§ What is being asked: Only the lines from the first line of the entries through the line with "Фиг.5 иллюстрирует способ" belong in the answer, each restated word for word and without pictures.
Information START
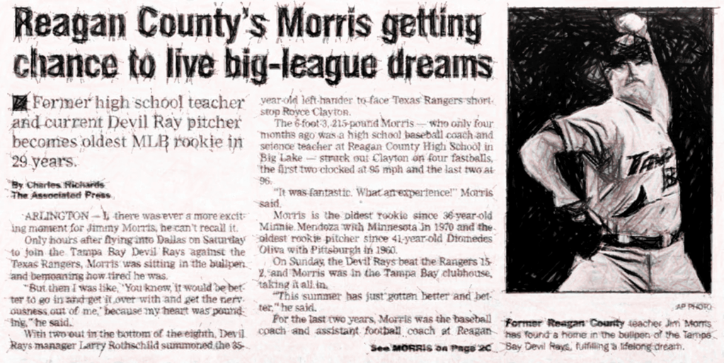1999 forderten ihn seine Spieler heraus – würden sie die Bezirksmeisterschaften gewinnen musste er versprechen, an einem Probetraining und Sichtung der Major Leagues teilzunehmen. Zu diesem Zeitpunkt war Jim Morris schon 34 Jahre alt und er dachte, dies wäre ein einfach zu haltendes Versprechen.
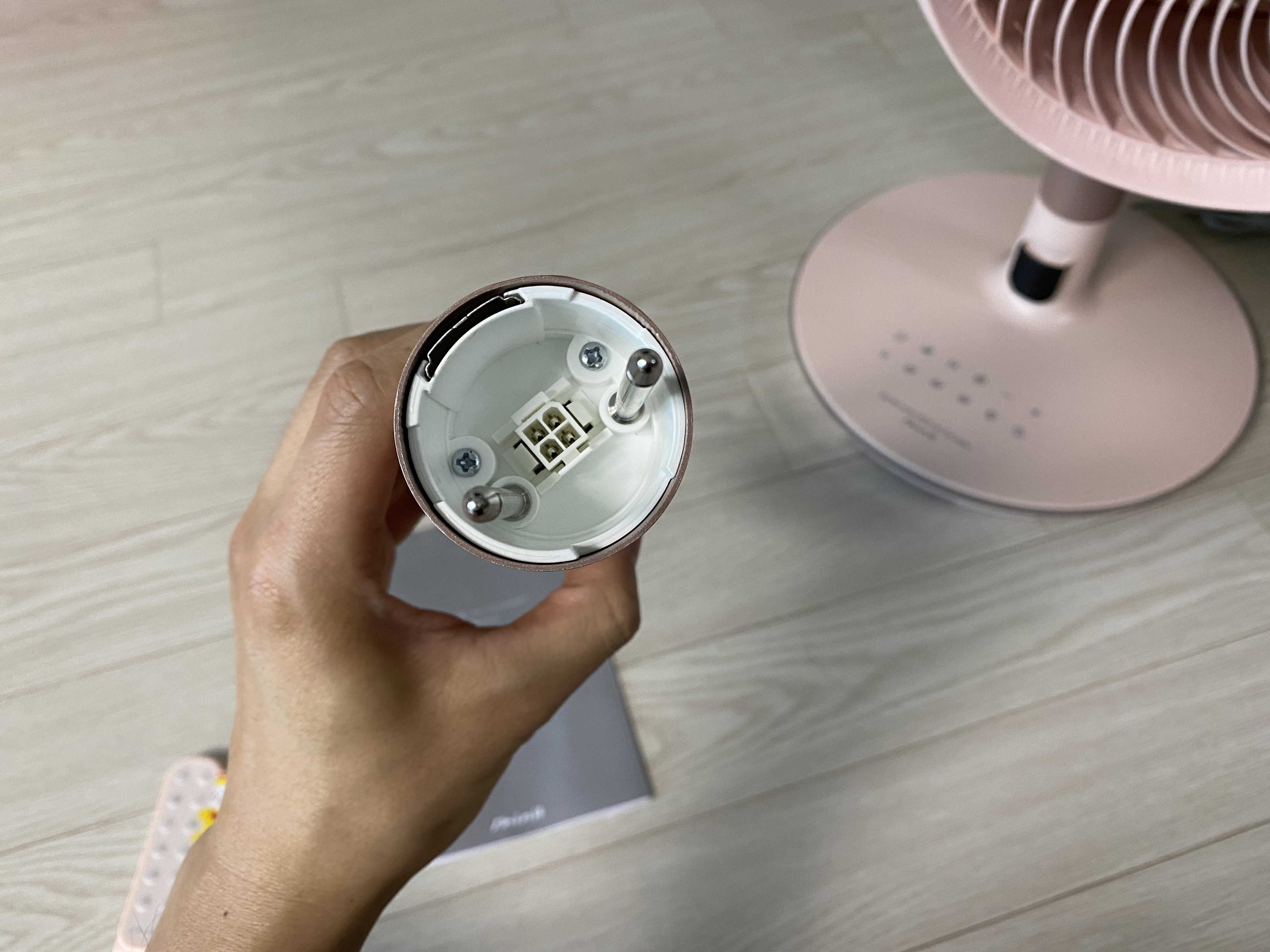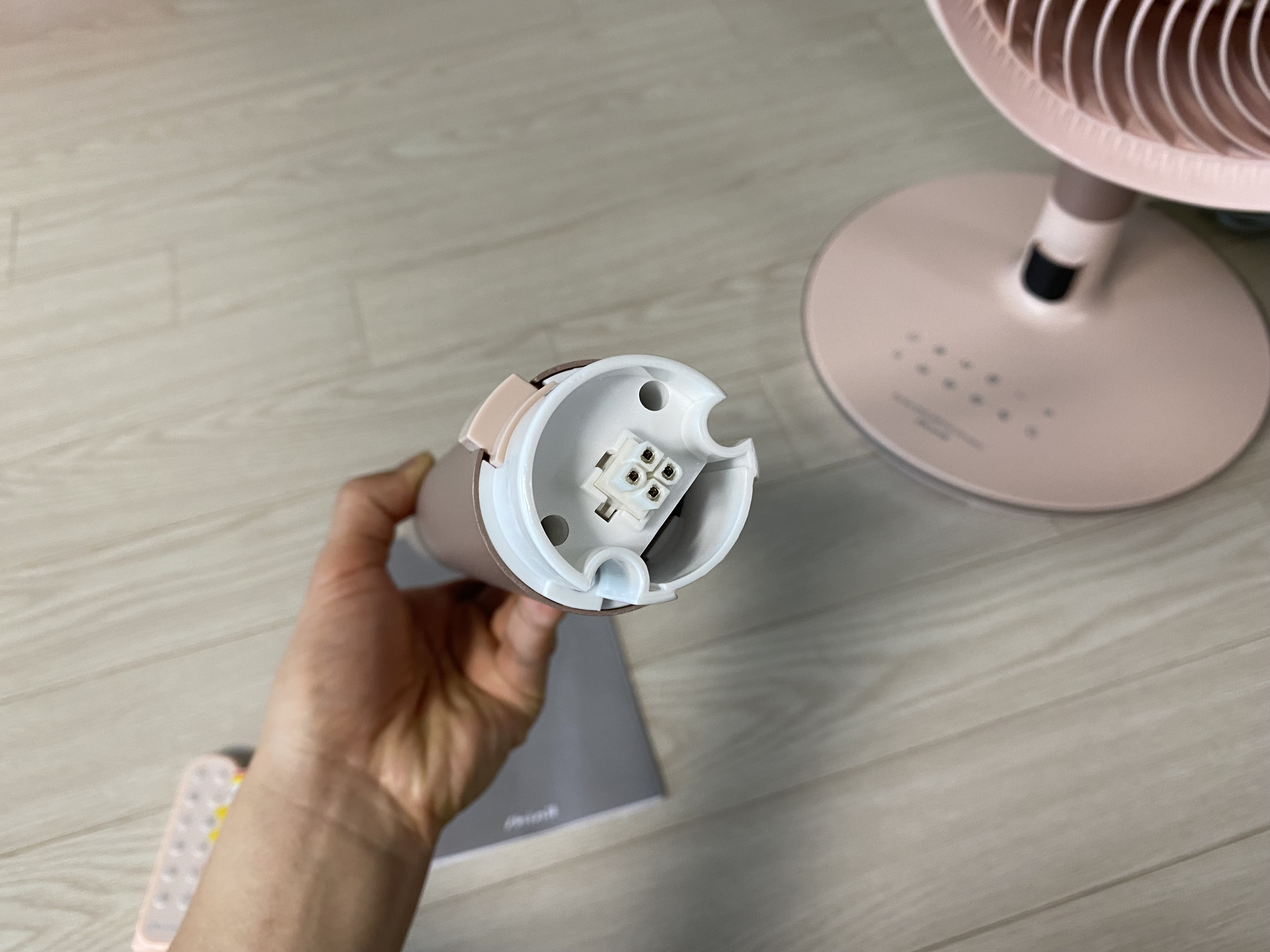 선풍기 목 하단에 있는 뒤쪽 버튼을 누르면 선풍기를 분리할 수 있습니다.
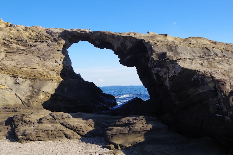 さて、無料となった城ヶ島大橋を渡り城ヶ島公園の第1駐車場に。ここで二輪駐車料金100円を払って駐車券をもらうと、島内の他公共駐車場は同駐車券を入口の機械に通せば入れるようになる。第1駐車場から名所の馬の背洞門までは整備された遊歩道を歩いて7、8分で到着できる。
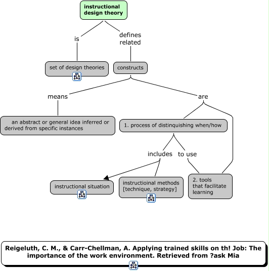 instructionalDesignTheory_Reigeluth_Carr-Chellman_askMia, constructs are 1. process of distinquishing when/how, 1. process of distinquishing when/how includes instructioinal methods [technique, strategy], 1. process of distinquishing when/how includes instructional situation, constructs are 2. tools that facilitate learning, constructs means an abstract or general idea inferred or derived from specific instances, instructional design theory defines related constructs, instructional design theory is set of design theories, 1. process of distinquishing when/how to use 2. tools that facilitate learning
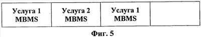 Фиг.5 иллюстрирует способ передачи мультимедийной широковещательной/многоадресной услуги (MBMS) в соответствии с настоящим изобретением. Множество услуг фонового типа («услуга 1 MBMS» и «услуга 2 MBMS») передаются по одному каналу с использованием способа временного мультиплексирования. Здесь «один канал» означает транспортный или физический канал.
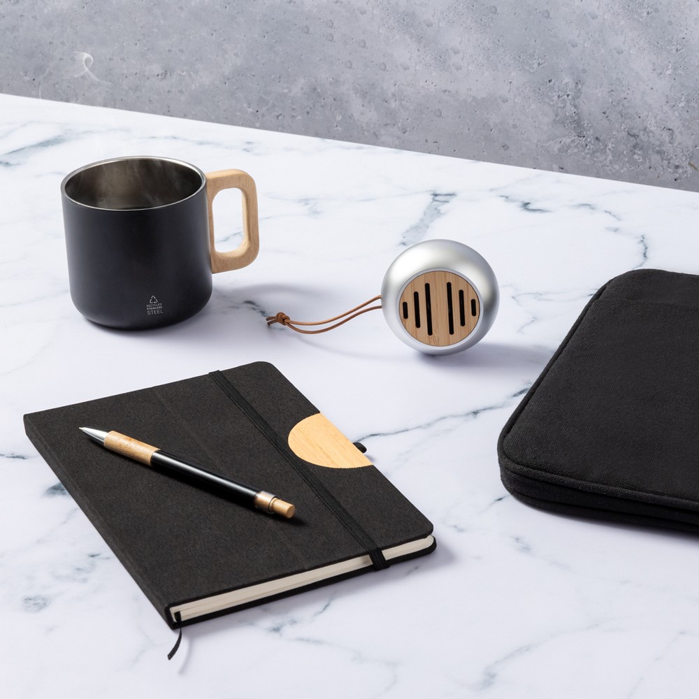 Der Edelstahlbecher „Ashley“ ist ein umweltfreundlicher Begleiter für unterwegs. Mit einem Fassungsvermögen von 400 ml und hergestellt aus recyceltem Edelstahl, hält er Getränke länger warm oder kalt. Die doppelwandige Konstruktion sorgt für eine optimale Isolierung, während der Holzgriff einen natürlichen und eleganten Touch verleiht. Genießen Sie Ihre Lieblingsgetränke stilvoll und tragen Sie gleichzeitig zum Umweltschutz bei.
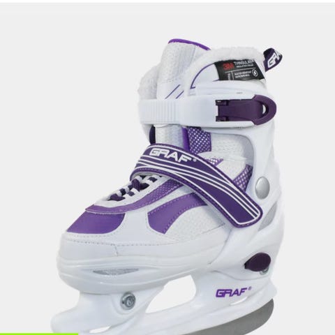 Graf Andre skøyter i justerbar størrelse 31-34 for barn. Skøytene har hvit og lilla farge.
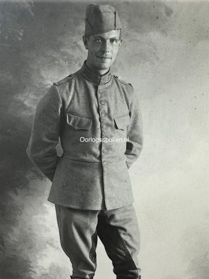 Deze Nederlands leger foto is in goede conditie, dateert van september 1939 en daarop is een Nederlands militair van de Artillerie op te zien in zijn grove wollen manschappen uniform.
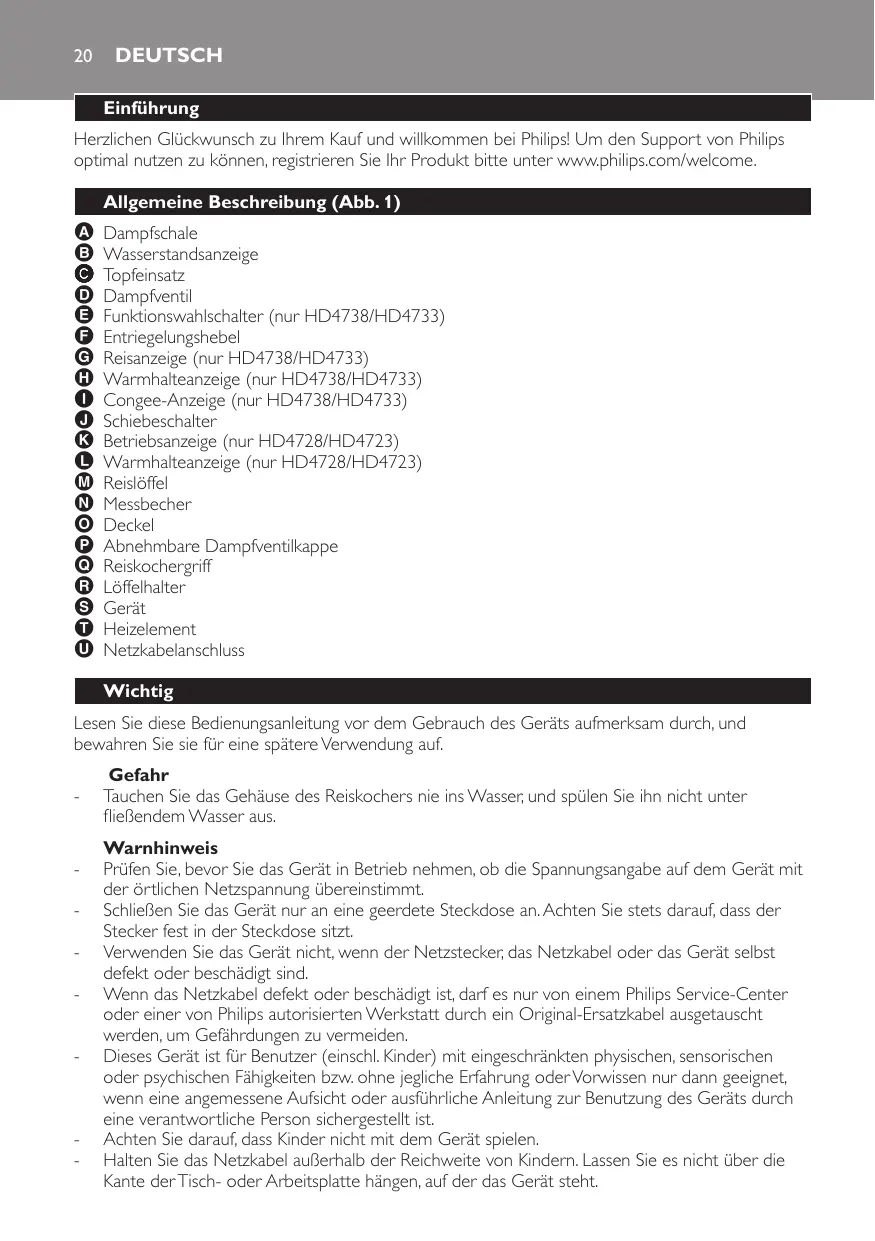 - Dieses Gerät ist nur für den Gebrauch im Haushalt bestimmt. Bei unsachgemäßem Gebrauch oder Verwendung für professionelle Zwecke oder bei Nichtbeachtung der Anweisungen in der Bedienungsanleitung erlischt die Garantie. In thisem Fall lehtn Philips jegliche Haftung für entwickelte Schäden ab.
Information END
§ Solution for this problem:
1999 forderten ihn seine Spieler heraus – würden sie die Bezirksmeisterschaften gewinnen musste er versprechen, an einem Probetraining und Sichtung der Major Leagues teilzunehmen. Zu diesem Zeitpunkt war Jim Morris schon 34 Jahre alt und er dachte, dies wäre ein einfach zu haltendes Versprechen.
 선풍기 목 하단에 있는 뒤쪽 버튼을 누르면 선풍기를 분리할 수 있습니다.
 さて、無料となった城ヶ島大橋を渡り城ヶ島公園の第1駐車場に。ここで二輪駐車料金100円を払って駐車券をもらうと、島内の他公共駐車場は同駐車券を入口の機械に通せば入れるようになる。第1駐車場から名所の馬の背洞門までは整備された遊歩道を歩いて7、8分で到着できる。
 instructionalDesignTheory_Reigeluth_Carr-Chellman_askMia, constructs are 1. process of distinquishing when/how, 1. process of distinquishing when/how includes instructioinal methods [technique, strategy], 1. process of distinquishing when/how includes instructional situation, constructs are 2. tools that facilitate learning, constructs means an abstract or general idea inferred or derived from specific instances, instructional design theory defines related constructs, instructional design theory is set of design theories, 1. process of distinquishing when/how to use 2. tools that facilitate learning
 Фиг.5 иллюстрирует способ передачи мультимедийной широковещательной/многоадресной услуги (MBMS) в соответствии с настоящим изобретением. Множество услуг фонового типа («услуга 1 MBMS» и «услуга 2 MBMS») передаются по одному каналу с использованием способа временного мультиплексирования. Здесь «один канал» означает транспортный или физический канал.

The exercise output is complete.